◆ DIRECTIONS FOR THIS TASK: Could you filter the records below and return each line that holds "obcí"?

◆ INPUT DATA:
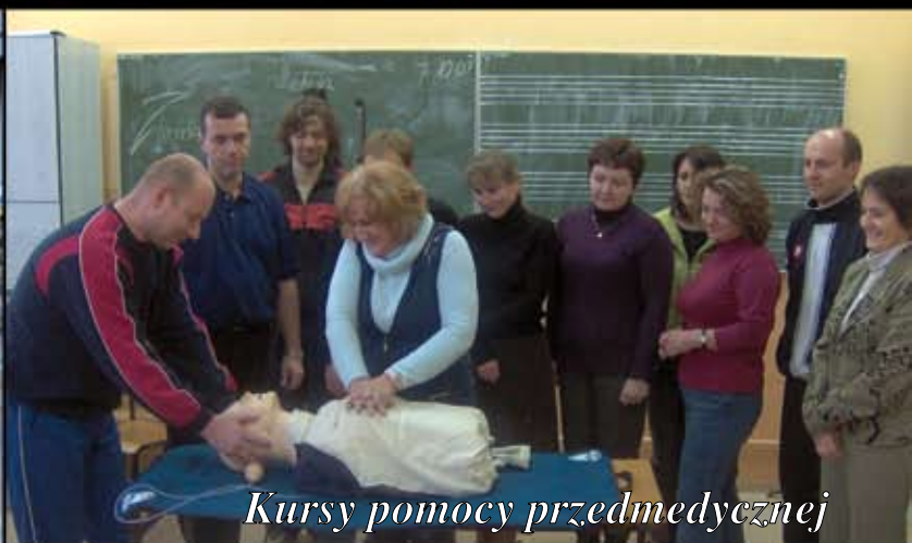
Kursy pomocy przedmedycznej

...

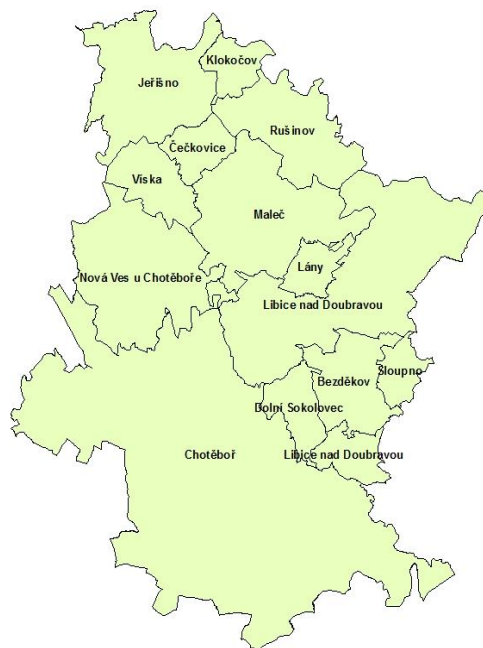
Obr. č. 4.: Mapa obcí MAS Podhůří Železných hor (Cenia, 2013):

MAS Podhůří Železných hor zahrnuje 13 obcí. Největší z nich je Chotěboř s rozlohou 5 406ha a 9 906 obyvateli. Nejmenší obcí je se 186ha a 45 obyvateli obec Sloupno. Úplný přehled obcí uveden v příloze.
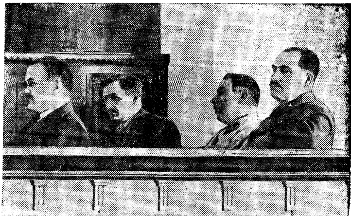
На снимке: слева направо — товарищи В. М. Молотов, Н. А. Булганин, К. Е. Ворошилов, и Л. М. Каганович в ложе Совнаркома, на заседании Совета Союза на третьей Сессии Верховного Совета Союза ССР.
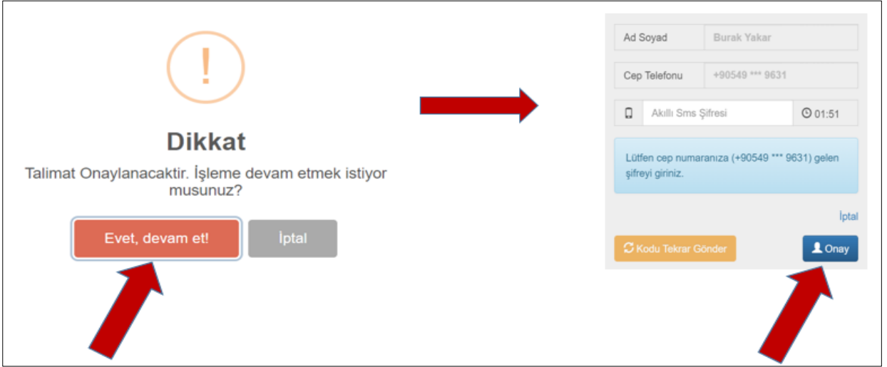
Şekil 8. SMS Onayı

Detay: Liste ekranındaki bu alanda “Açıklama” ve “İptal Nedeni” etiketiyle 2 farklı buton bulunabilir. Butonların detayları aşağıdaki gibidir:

==

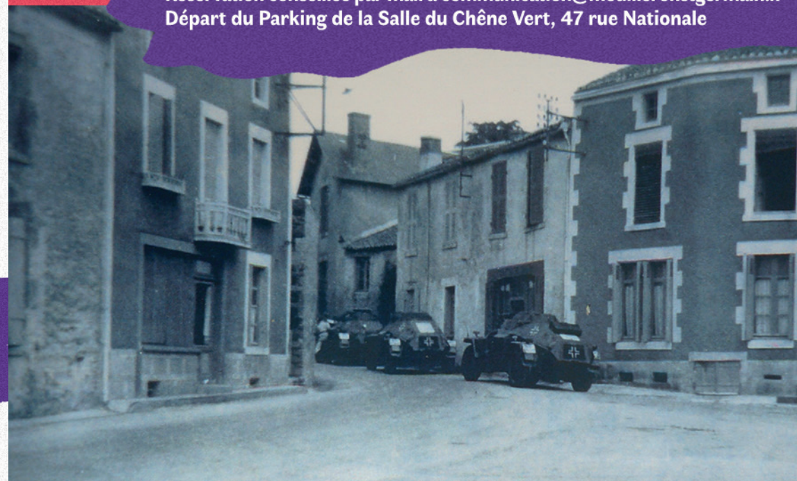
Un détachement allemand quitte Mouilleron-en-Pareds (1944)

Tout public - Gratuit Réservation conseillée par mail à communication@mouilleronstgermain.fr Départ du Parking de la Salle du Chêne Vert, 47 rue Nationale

◆ TASK ANSWER:
Obr. č. 4.: Mapa obcí MAS Podhůří Železných hor (Cenia, 2013):
MAS Podhůří Železných hor zahrnuje 13 obcí. Největší z nich je Chotěboř s rozlohou 5 406ha a 9 906 obyvateli. Nejmenší obcí je se 186ha a 45 obyvateli obec Sloupno. Úplný přehled obcí uveden v příloze.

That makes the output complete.